The docker used by tpu-nntc is sophgo/tpuc_dev:v2.1. The docker mirroring is bound with tpu-nntc. In few cases, tpu-nntc may be updated and a new mirroring is required.

cd tpu-nntc

# If the current system has no corresponding mirroring after entering docker, a mirroring will be downloaded automatically from docker hub.
# Map the upper-level directory of tpu-nntc to the /workspace directory in docker.
# 8001 - 8001 port mapping is used here. It will be used when using ufw visual tool thereafter.
# If port has been occupied, please change other unoccupied one and then make change and adjustment based on needs.
docker run -v $PWD/..:/workspace -p 8001:8001 -it sophgo/tpuc_dev:v2.1

# At this time, it has entered docker and is under /workspace catalogue.
# Initial software environment below.
cd /workspace/tpu-nntc
source scripts/envsetup.sh

Initialization mode of other dockers:

Downloading can be made in advance under an offline environment and then it can be imported into target machine for importing according to the following commands:

# Save mirror on connected machine.
docker pull sophgo/tpuc_dev:v2.1
docker save sophgo/tpuc_dev:v2.1 -o sophon_tpuc_dev.docker

# After copying sophon_tpuc_dev_docker.tar to target machine.
docker load -i sophon_tpuc_dev.docker

In addition, tpu-nntc provides the docker_setup.sh script in the scrtips directory for reference and convenient basic use.
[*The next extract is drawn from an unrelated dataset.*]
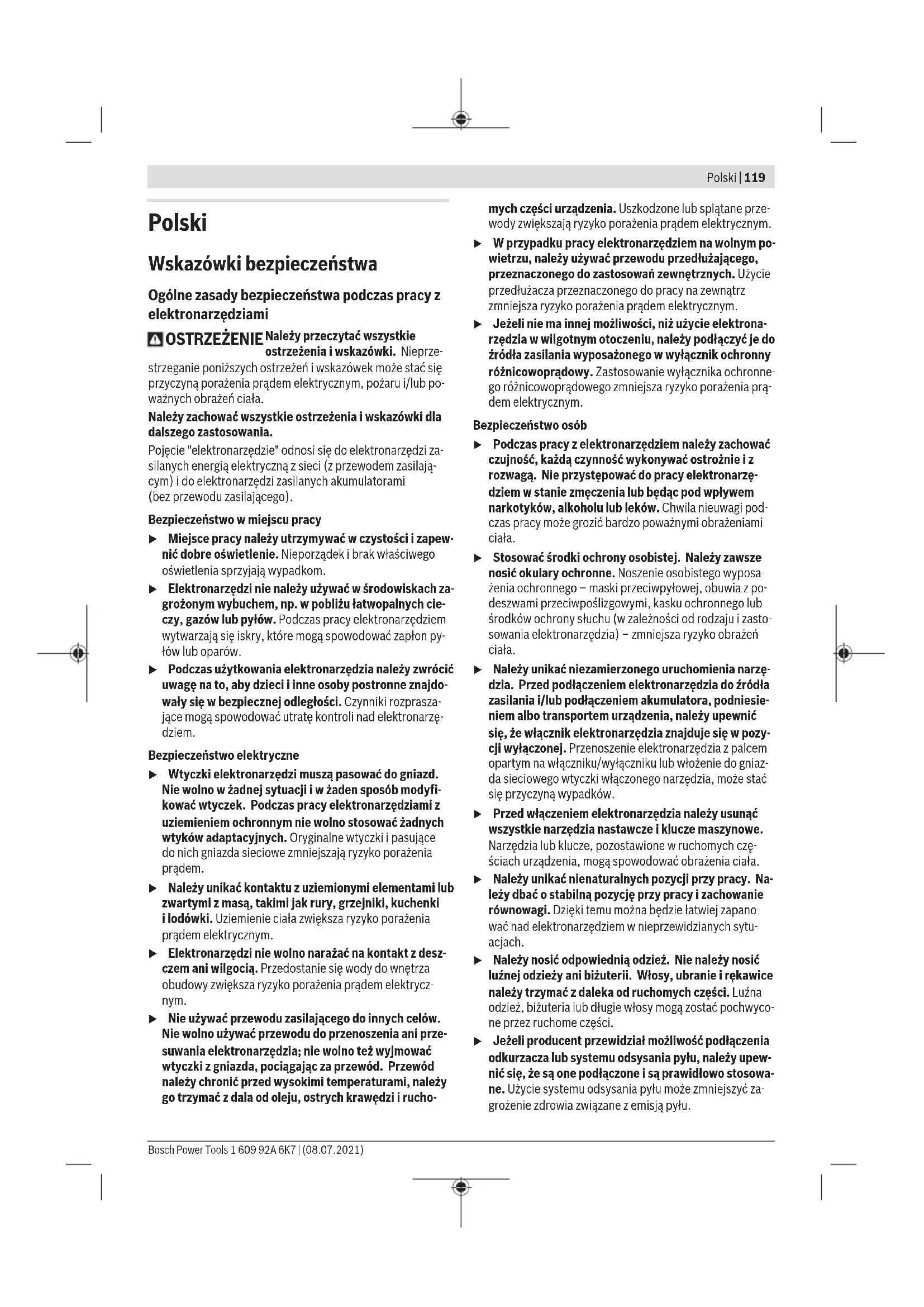 Karasoku Mahallesi 28028. Sokak No:20/A Merkez / ADANA Tel.: +903223599710 -3521379 Fax: +903223591323 E-mail: isiklar@isiklarelektrik.com Diğer servis adreslerini şurada bulabilirsiniz: www.bosch-pt.com/serviceaddresses Tasfiye Elektrikli el aleti, aksesuar ve ambalaj malzemesi çevre dostu bir yöntemle tasfiye edilmek üzere tekrar kazanım merkezine gönderilmelidir. Elektrikli el aletlerini evsel çöplerin içine atmayın! Sadece AB ülkeleri için: Eski elektrikli el aletleri ve elektronik aletlere ilişkin 2012/19/EU sayılı Avrupa Birliği yönetmeliği ve bunların tek tek ülkelerin hukuklarına uyarlanması uyarınca, kullanım ömrünü tamamlamış elektrikli el aletleri ayrı ayrı toplanmak ve çevre dostu bir yöntemle tasfiye edilmek üzere yeniden kazanım merkezlerine gönderilmek zorundadır. 1 609 92A 6K7 | (08.07.2021) Bosch Power ToolsPolski | 119 Polski Wskazówki bezpieczeństwa Ogólne zasady bezpieczeństwa podczas pracy z elektronarzędziami OSTRZEŻENIE Należy przeczytać wszystkie ostrzeżenia i wskazówki. Nieprze- strzeganie poniższych ostrzeżeń i wskazówek może stać się przyczyną porażenia prądem elektrycznym, pożaru i/lub po- ważnych obrażeń ciała. Należy zachować wszystkie ostrzeżenia i wskazówki dla dalszego zastosowania. Pojęcie "elektronarzędzie" odnosi się do elektronarzędzi za- silanych energią elektryczną z sieci (z przewodem zasilają- cym) i do elektronarzędzi zasilanych akumulatorami (bezprzewodu zasilającego). Bezpieczeństwo w miejscu pracy u Miejsce pracy należy utrzymywać w czystości i zapew- nić dobre oświetlenie. Nieporządek i brak właściwego oświetlenia sprzyjają wypadkom. u Elektronarzędzi nie należy używać w środowiskach za- grożonym wybuchem, np. w pobliżu łatwopalnych cie- czy, gazów lub pyłów. Podczas pracy elektronarzędziem wytwarzają się iskry, które mogą spowodować zapłon py- łów lub oparów. u Podczas użytkowania elektronarzędzia należy zwrócić uwagę na to, aby dzieci i inne osoby postronne znajdo- wały się w bezpiecznej odległości. Czynniki rozprasza- jące mogą spowodować utratę kontroli nad elektronarzę- dziem. Bezpieczeństwo elektryczne u Wtyczki elektronarzędzi muszą pasować do gniazd. Nie wolno w żadnej sytuacji i w żaden sposób modyfi- kować wtyczek. Podczas pracy elektronarzędziami z uziemieniem ochronnym nie wolno stosować żadnych wtyków adaptacyjnych. Oryginalne wtyczki i pasujące do nich gniazda sieciowe zmniejszają ryzyko porażenia prądem. u Należy unikać kontaktu z uziemionymi elementami lub zwartymi z masą, takimi jak rury, grzejniki, kuchenki ilodówki. Uziemienie ciała zwiększa ryzyko porażenia prądem elektrycznym. u Elektronarzędzi nie wolno narażać na kontakt z desz- czem ani wilgocią. Przedostanie się wody do wnętrza obudowy zwiększa ryzyko porażenia prądem elektrycz- nym. u Nie używać przewodu zasilającego do innych celów. Nie wolno używać przewodu do przenoszenia ani prze- suwania elektronarzędzia; nie wolno też wyjmować wtyczki z gniazda, pociągając za przewód. Przewód należy chronić przed wysokimi temperaturami, należy go trzymać zdala od oleju, ostrych krawędzi i rucho- mych części urządzenia. Uszkodzone lub splątane prze- wody zwiększają ryzyko porażenia prądem elektrycznym. u W przypadku pracy elektronarzędziem na wolnym po- wietrzu, należy używać przewodu przedłużającego, przeznaczonego do zastosowań zewnętrznych. Użycie przedłużacza przeznaczonego do pracy na zewnątrz zmniejsza ryzyko porażenia prądem elektrycznym. u Jeżeli nie ma innej możliwości, niż użycie elektrona- rzędzia w wilgotnym otoczeniu, należy podłączyć je do źródła zasilania wyposażonego w wyłącznik ochronny różnicowoprądowy. Zastosowanie wyłącznika ochronne- go różnicowoprądowego zmniejsza ryzyko porażenia prą- dem elektrycznym. Bezpieczeństwo osób u Podczas pracy z elektronarzędziem należy zachować czujność, każdą czynność wykonywać ostrożnie i z rozwagą. Nie przystępować do pracy elektronarzę- dziem w stanie zmęczenia lub będąc pod wpływem narkotyków, alkoholu lub leków. Chwila nieuwagi pod- czas pracy może grozić bardzo poważnymi obrażeniami ciała. u Stosować środki ochrony osobistej. Należy zawsze nosić okulary ochronne. Noszenie osobistego wyposa- żenia ochronnego – maski przeciwpyłowej, obuwia zpo- deszwami przeciwpoślizgowymi, kasku ochronnego lub środków ochrony słuchu (w zależności od rodzaju i zasto- sowania elektronarzędzia) – zmniejsza ryzyko obrażeń ciała. u Należy unikać niezamierzonego uruchomienia narzę- dzia. Przed podłączeniem elektronarzędzia do źródła zasilania i/lub podłączeniem akumulatora, podniesie- niem albo transportem urządzenia, należy upewnić się, że włącznik elektronarzędzia znajduje się w pozy- cji wyłączonej. Przenoszenie elektronarzędzia z palcem opartym na włączniku/wyłączniku lub włożenie do gniaz- da sieciowego wtyczki włączonego narzędzia, może stać się przyczyną wypadków. u Przed włączeniem elektronarzędzia należy usunąć wszystkie narzędzia nastawcze i klucze maszynowe. Narzędzia lub klucze, pozostawione wruchomych czę- ściach urządzenia, mogą spowodować obrażenia ciała. u Należy unikać nienaturalnych pozycji przy pracy. Na- leży dbać o stabilną pozycję przy pracy i zachowanie równowagi. Dzięki temu można będzie łatwiej zapano- wać nad elektronarzędziem w nieprzewidzianych sytu- acjach. u Należy nosić odpowiednią odzież. Nie należy nosić luźnej odzieży ani biżuterii. Włosy, ubranie i rękawice należy trzymać zdaleka od ruchomych części. Luźna odzież, biżuteria lub długie włosy mogą zostać pochwyco- ne przez ruchome części. u Jeżeli producent przewidział możliwość podłączenia odkurzacza lub systemu odsysania pyłu, należy upew- nić się, że są one podłączone i są prawidłowo stoso
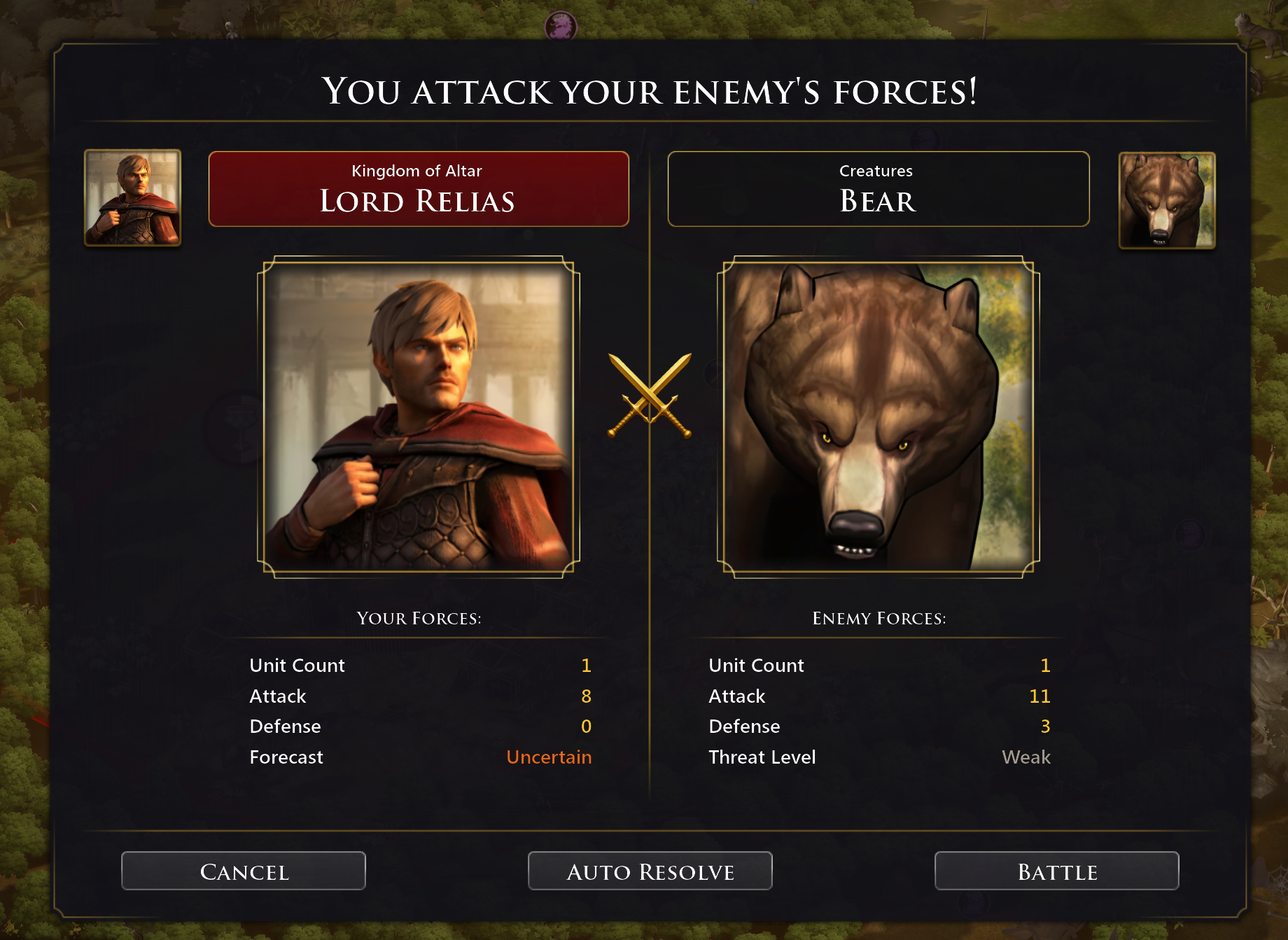 The biggest addition is a new battle forecast system. The pre-battle screen now shows a predicted outcome before you commit to a fight, ranging from Crushing Victory down to Likely Defeat, color-coded green to red. If your champions are at risk of falling, it tells you.

In actual use, it can be managed according to the needs. The method of use is as follows:

# Parameters behind docker_setup.sh are used for designating the specific catalogue that will be used as working catalogue. It will be mapped in /workspace.
# Here is the upper level directory of tpu-nntc.
scripts/docker_setup.sh ..

# The following information will be output. If 8001 port is occupied, other unoccupied ports will be chosen automatically
# ...
# OPEN 'http://localhost:8001' IN WEB BROWSER WHEN 'python3 -m ufw.tools.app' RUNNING IN DOCKER

Note: At this time, the catalogues of resnet18_classify and tpu-nntc are in parallel. The above also applies to other catalogues but special attention should be paid to relevant commands after adjustment.

Enter resnet18_classify catalogue after environment initialization is finished:

cd /workspace/resnet18_classify

# To facilitate clearing, it is suggested to establish an empty working catalogue
mkdir -p workdir && cd workdir

Compilation of FP32 BMODEL

The bmneto front end is required for converting onnx model. The conversion model is as below:

# At this time, in the catalogue of resnet18_classify/workdir
python3 -m bmneto --model ../model/resnet18.onnx \
                --input_names "input" \
                --shapes "[[1,3,224,224]]" \
                --target BM1684X \
                --outdir bmodel/fp32

View the information of fp32 bmodel:

tpu_model --info bmodel/fp32/compilation.bmodel

The information of output model is as below:

bmodel version: B.2.2
chip: BM1684X
create time: Thu Jul 21 06:14:45 2022

==========================================
net 0: [network]  static
------------
stage 0:
input: input, [1, 3, 224, 224], float32, scale: 1
output: output, [1, 1000], float32, scale: 1

device mem size: 49782688 (coeff: 46968736, instruct: 0, runtime: 2813952)
host mem size: 0 (coeff: 0, runtime: 0)

INT8 BMODEL generation by automatic quantization

Automatic quantization tools can process image dataset automatically and convert it into lmdb dataset. Different quantization strategies will be used for quantization for several times and bmodel will be generated automatically.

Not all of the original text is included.